Alteration of hepato-lipidomic homeostasis in A/J mice fed an environmentally relevant PFAS mixture.

ABSTRACT

In the present study, we have investigated liver lipid homeostasis and corresponding changes in transcript and functional product levels in A/J mice exposed to environmental relevant concentration of per- and polyfluoroalkyl substances (PFAS) mixture. Mice were fed environmentally relevant concentrations of a PFAS mixture during a period of 10 weeks. The concentrations of the 8 individual PFAS in the mixture were chosen based on measured concentrations in earthworms at a Norwegian skiing area. Our data show high liver accumulation of ∑PFAS in exposed mice, which paralleled significant elevation in body weight and hepatosomatic index (HSI) of male mice. UPC2 -MS/MS analysis in both positive and negative mode, respectively, indicated significant differences between control and exposure groups in the liver of exposed mice. Principal component analysis (PCA) of the features revealed separation of control and exposure groups in both sexes. From the significantly differential 207 lipids, only 72 were identified and shown to belong to eight different lipid classes. PCA of fatty acids (FAs) profile showed a clear separation between control and PFAS exposure groups in both female and male mice, with differential abundant levels of 5 and 4 hydrolyzed FAs, respectively. Transcript and protein analysis of genes associated with lipid homeostasis (ppar-α and ß, lxr-α and ß, rxr, fasn and srebp) showed that PFAS exposure produced sex- and individual response related alterations.
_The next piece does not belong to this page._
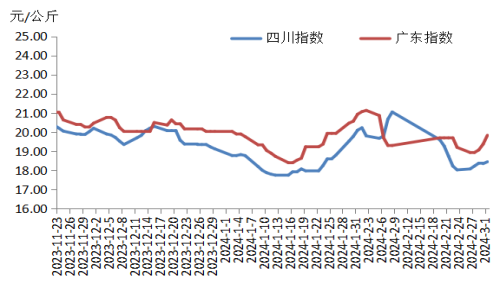 本周,廣東豬肉周均價為每公斤19.23元,環(huán)比下跌1.9%,同比下跌10.4%,跌幅擴大2.2個百分點。周前期,廣東地區(qū)豬肉供應(yīng)充裕,需求緩慢恢復(fù),經(jīng)銷商降價促銷;周后期,受南方地區(qū)豬肉價格上漲情緒提振,廣東地區(qū)挺價情緒漸起,豬肉價格上漲,但漲幅有限。總體看,廣東地區(qū)豬肉周均價環(huán)比小幅下跌。

Glutathione reductase (Gr) activity showed exposure-related changes in both female and male mice, compared with controls. Overall, the present study has demonstrated changes in lipid metabolism after PFAS exposure, showing that PFAS accumulation in the liver resulted to hepatotoxic effects, potential interference with membrane lipid profile and homeostasis, and oxidative stress. Given the structural similarity with FAs, interaction between PFAS and nuclear receptors such as PPARs may have severe consequences for general health and physiology in exposed animals and humans.